Q10 Where do you most commonly access ocean time series data?
- from the WMO GTS
- For coastal time series, EPA and NOAA sites.
- Various ERDDAP servers
Q12 Please indicate the quality of the following aspects of your data access experience with these ocean data portals:
Q13 Please comment on specific issues you’ve had with obtaining data.
- No consistent data product containing all time series data at the same QC level.
- accessibility or the lack thereof
- Usually a formatting issue
- Problem in accessing data bases
- Need to develop data-set specific QA/QC and difficult time in trying to filter out repeat observations in different archives as there are no unique data identifiers.
- Information quality is not present.
- Synthesizing paleoceanographic timeseries from NOAA Paleo or PANGEA is difficult.
- In the past it has been hard to get the most updated BATS time-series data, e.g. within 1 year of collection.
- The biggest issues are those associated with finding and using time series data from secondary sites (like BCO-DMO or Ocean SITES).
- Difficulties when integrating datasets with limited information on specific quality controls applied to each dataset
- Of them all, the NSF Ocean Observatories Initiative (OOI) access to Pioneer Coastal Array data is the worst. It is barely functional so we have written our own circumvention to the online portal and scape all the data into a private ERDDAP at http://www.myroms.org:8080/erddap/info/index.html?
- Metadata from individual researchers is non-existent.
- It depends on the type of data but many times the problems are formatting.
- Most data (and/or the most recent or complete version of the data) is only in the hands of the original collectors.
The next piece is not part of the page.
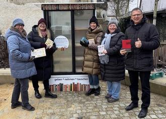 Von links: Barbara Kempfle, Katja Washington, Heike Glassenhart und Heidi Schneid von der Frauen Union und CSU Ichenhausen sowie Bürgermeister Robert Strobel, der sich über den neuen Treffpunkt für Leserinnen und Leser freut.

Data still in the hands of individual (the collectors) is in a plethora of different formats. (Each person has a different format.)
- Metadata is key - for example, to not inappropriately compare measurements made with different techniques.
- The language used in the data source is not user-friendly. Eg if you need data for a specific location, how to set or locate properly the area in the data source/base is a challenge to new users
- It can be difficult to find the datasets I'm interested in, again, because they come from different sites that have different ways to access their data so it makes it difficult to integrate the datasets in the end.
Q14 What analysis and visualization tools and/or platforms do you most frequently use to analyze and/or visualize ocean time series data? (select all that apply)
Q15 How important do you perceive the following for improving ocean time series data systems?
Q16 Please comment further on these and other priorities for improving the experience of ocean time series data users.
- The problem of "getting people to submit data" is best solved by adding value in the form of context-empowered visualization and analysis enabled by similar data.
- As a data provider rather a data user, I identified the data submission process as the highest priority, then I think an on-line metadata editor. I like the SOCAT portal
- I think this process would be best served if a specific data product was chosen as a test data set to develop the methods and then once the standard was created and tested it would be used on others. I also think the effort should triage the different data types so that the effort can focus on the higher needs first.
- The data should be incorporated a data quality flag
- It is imperative that data managers were close to data originators. Ideally, one data expert will be required to ensure data flow (including metadata and formatting) between ca. 10-20 data generators and the data base or repository.
- Highest priority is getting the actual data into the data portal; if only metadata, ensuring the metadata are current and accurate. Nad getting all the data in in a timely manner; if it is after 2 yrs of collection, then have all the parameters, not only some. Then one has to contact the PI who most often will gladly send the data files personally. As a data generator, ensuring that the users recognize the data originators. This step is essential with the funders, even long after the project data collection phase is over.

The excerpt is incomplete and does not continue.